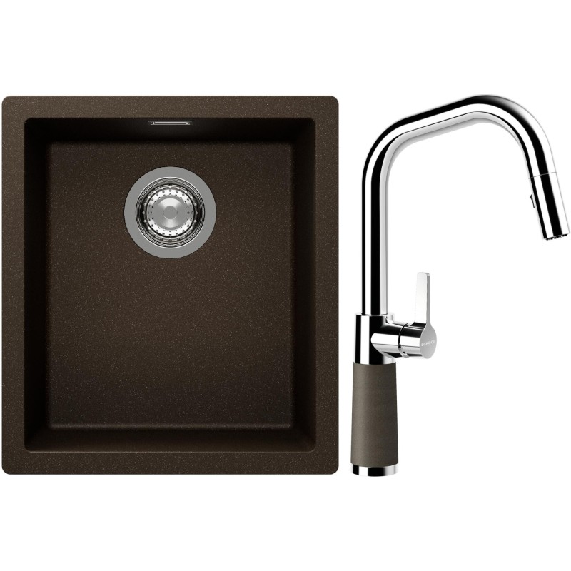 Cenově zvýhodněný set dřezu a baterie Schock S12-9 - obsahuje granitový jednodřez Kaia N-100S Bronze a baterii se sprchou SC-530.120 Bronze.
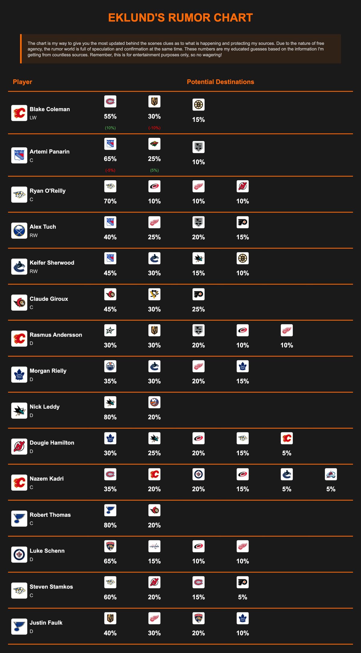 I’ll be updating the chart throughout the day, and whenever I do, I’ll post a new rumor track for everyone to see on the blog… I’ll also be discussing any changes I make… For the first time, you’ll be able to follow along live as updates happen, and that should be a lot of fun…
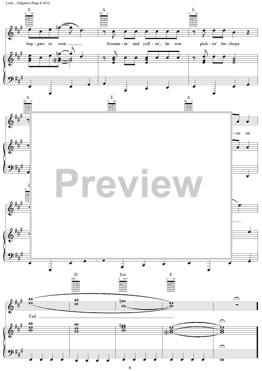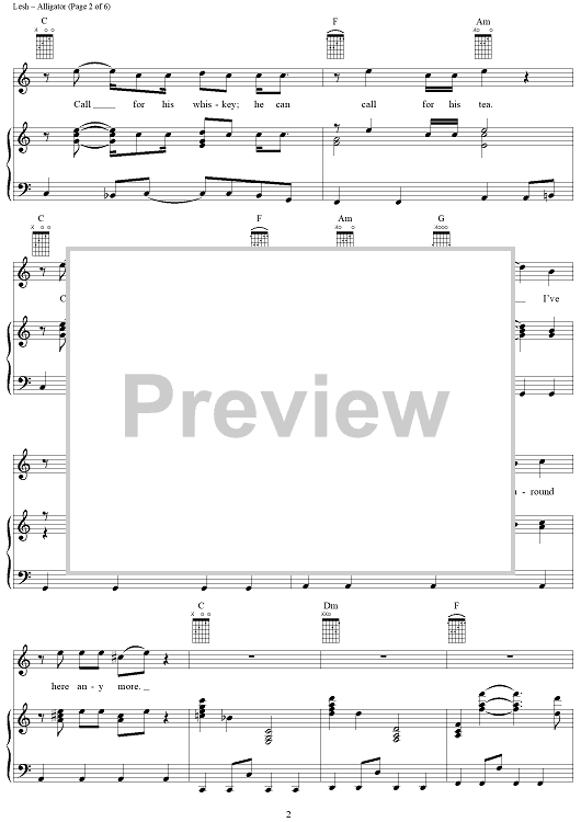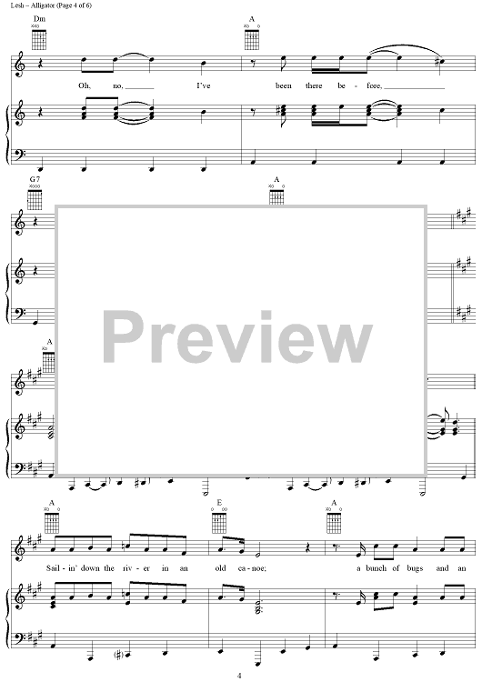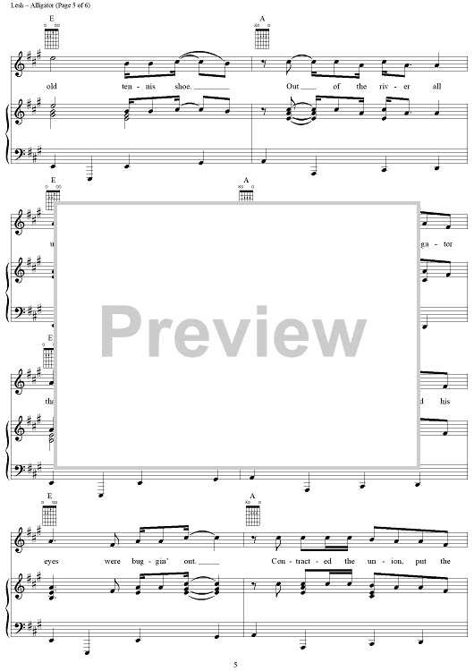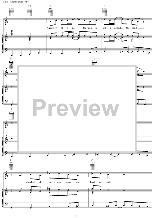 Digital Sheet Music for Alligator by Robert Hunter, Phil Lesh, Ron McKernan, Grateful Dead scored for Piano/Vocal/Chords; id:220372
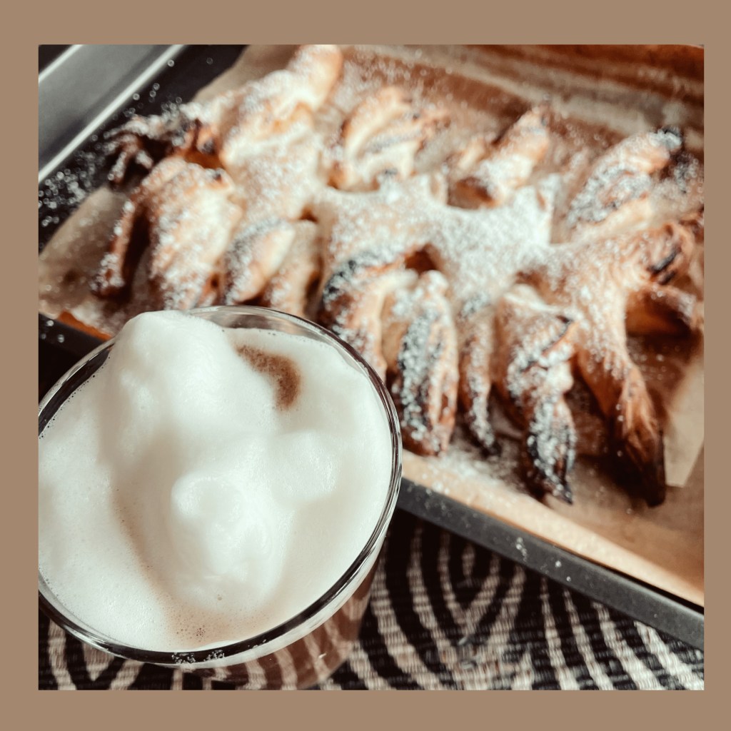 PS: Bei der pikanten Vorspeisenvariante einfach den Teig belegen, wie eine Pizza. Ich habe ihr Sauerrahm genommen und den Teig bestrichen, danach Lachsstücke, Schinken oder einfach nur mit Gemüse belegt. Etwas geriebenen Käse darüber und dann den anderen Blätterteig darauf und einschneiden. Nach dem Backen geniessen.
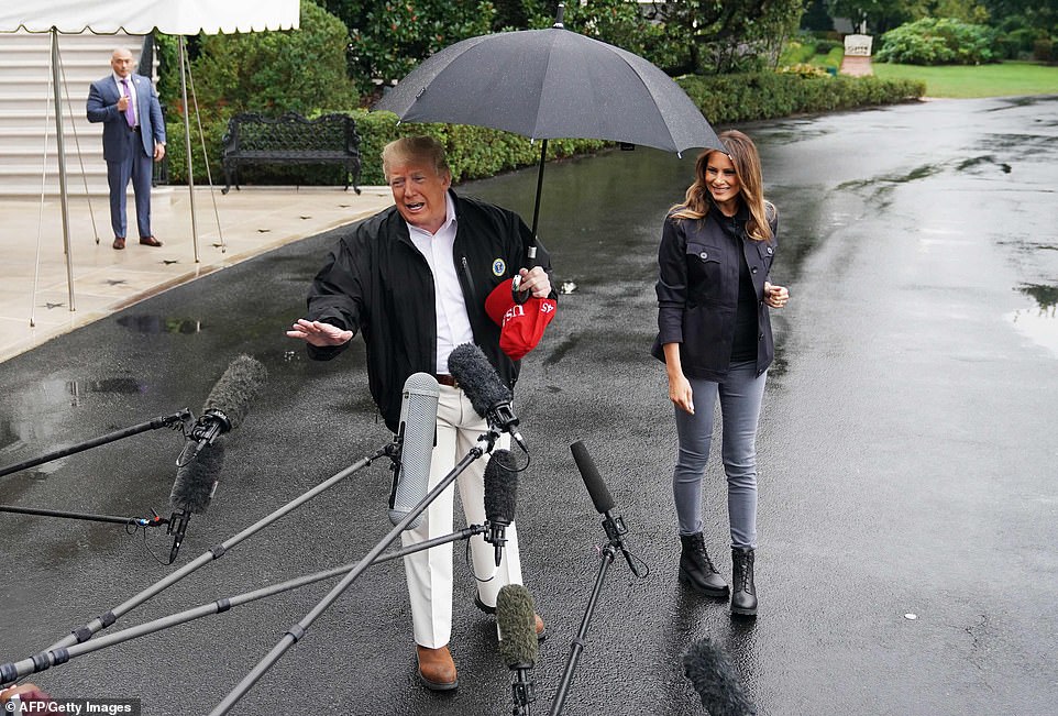 Trump bỏ mặc vợ đứng dưới mưa để trò chuyện với phóng viên.
■ ■ ■
Could you print the material above word for word and skip the images?

_REPLY TO THE TASK_
 Cenově zvýhodněný set dřezu a baterie Schock S12-9 - obsahuje granitový jednodřez Kaia N-100S Bronze a baterii se sprchou SC-530.120 Bronze.
 I’ll be updating the chart throughout the day, and whenever I do, I’ll post a new rumor track for everyone to see on the blog… I’ll also be discussing any changes I make… For the first time, you’ll be able to follow along live as updates happen, and that should be a lot of fun…
 Digital Sheet Music for Alligator by Robert Hunter, Phil Lesh, Ron McKernan, Grateful Dead scored for Piano/Vocal/Chords; id:220372
 PS: Bei der pikanten Vorspeisenvariante einfach den Teig belegen, wie eine Pizza. Ich habe ihr Sauerrahm genommen und den Teig bestrichen, danach Lachsstücke, Schinken oder einfach nur mit Gemüse belegt. Etwas geriebenen Käse darüber und dann den anderen Blätterteig darauf und einschneiden. Nach dem Backen geniessen.
 Trump bỏ mặc vợ đứng dưới mưa để trò chuyện với phóng viên.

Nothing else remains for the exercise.